Dataset content: Begin

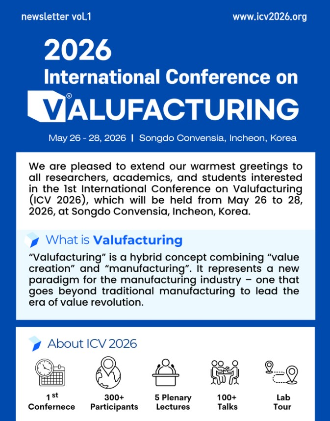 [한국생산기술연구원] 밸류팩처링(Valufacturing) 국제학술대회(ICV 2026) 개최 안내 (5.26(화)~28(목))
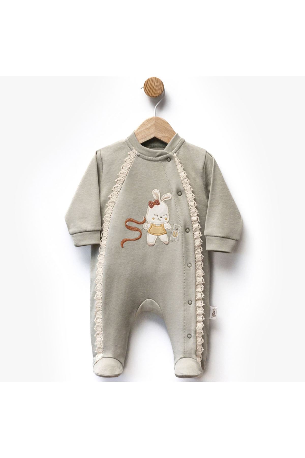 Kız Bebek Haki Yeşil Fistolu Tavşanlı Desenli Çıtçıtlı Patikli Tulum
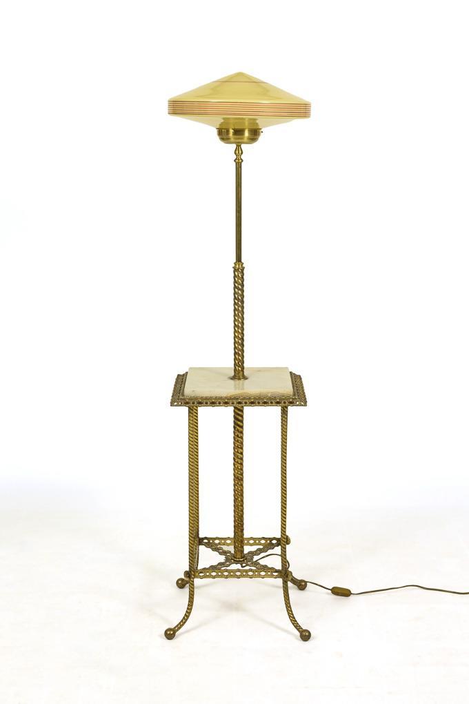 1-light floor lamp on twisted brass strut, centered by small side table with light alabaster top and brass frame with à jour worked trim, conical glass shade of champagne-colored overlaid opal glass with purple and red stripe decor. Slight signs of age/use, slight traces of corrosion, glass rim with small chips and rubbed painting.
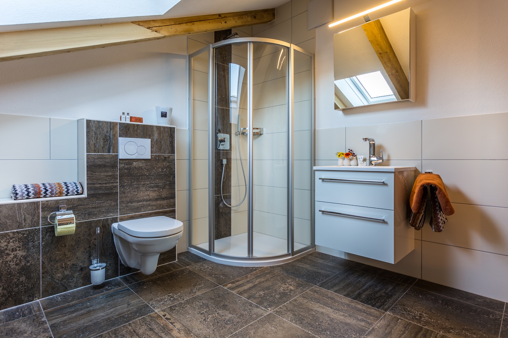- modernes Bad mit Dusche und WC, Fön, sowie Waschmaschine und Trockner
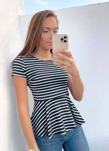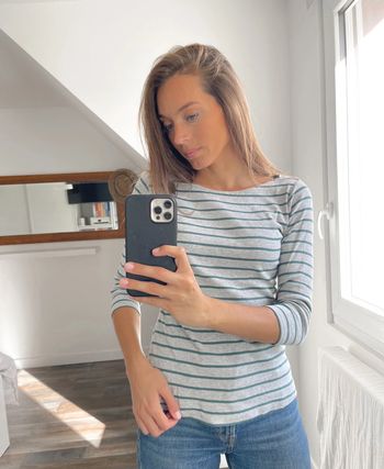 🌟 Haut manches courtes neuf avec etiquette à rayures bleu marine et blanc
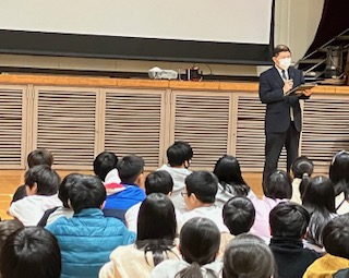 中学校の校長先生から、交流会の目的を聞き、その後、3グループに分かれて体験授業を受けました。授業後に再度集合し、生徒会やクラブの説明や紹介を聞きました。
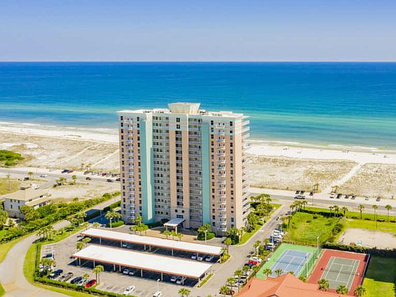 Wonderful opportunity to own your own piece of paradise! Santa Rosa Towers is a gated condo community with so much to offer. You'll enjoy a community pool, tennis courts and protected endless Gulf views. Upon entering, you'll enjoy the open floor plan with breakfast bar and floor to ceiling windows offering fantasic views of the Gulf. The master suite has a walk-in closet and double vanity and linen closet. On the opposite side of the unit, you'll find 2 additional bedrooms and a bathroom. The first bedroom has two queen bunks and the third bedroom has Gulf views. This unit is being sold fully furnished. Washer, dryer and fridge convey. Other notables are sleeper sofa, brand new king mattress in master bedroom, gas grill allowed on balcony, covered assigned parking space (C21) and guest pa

Dataset content: End

Leave out the pictures and restate, word for word, the lines from the top of the data through the line containing "中学校の校長先生から、交流会", both included.

 [한국생산기술연구원] 밸류팩처링(Valufacturing) 국제학술대회(ICV 2026) 개최 안내 (5.26(화)~28(목))
 Kız Bebek Haki Yeşil Fistolu Tavşanlı Desenli Çıtçıtlı Patikli Tulum
 1-light floor lamp on twisted brass strut, centered by small side table with light alabaster top and brass frame with à jour worked trim, conical glass shade of champagne-colored overlaid opal glass with purple and red stripe decor. Slight signs of age/use, slight traces of corrosion, glass rim with small chips and rubbed painting.
- modernes Bad mit Dusche und WC, Fön, sowie Waschmaschine und Trockner
 🌟 Haut manches courtes neuf avec etiquette à rayures bleu marine et blanc
 中学校の校長先生から、交流会の目的を聞き、その後、3グループに分かれて体験授業を受けました。授業後に再度集合し、生徒会やクラブの説明や紹介を聞きました。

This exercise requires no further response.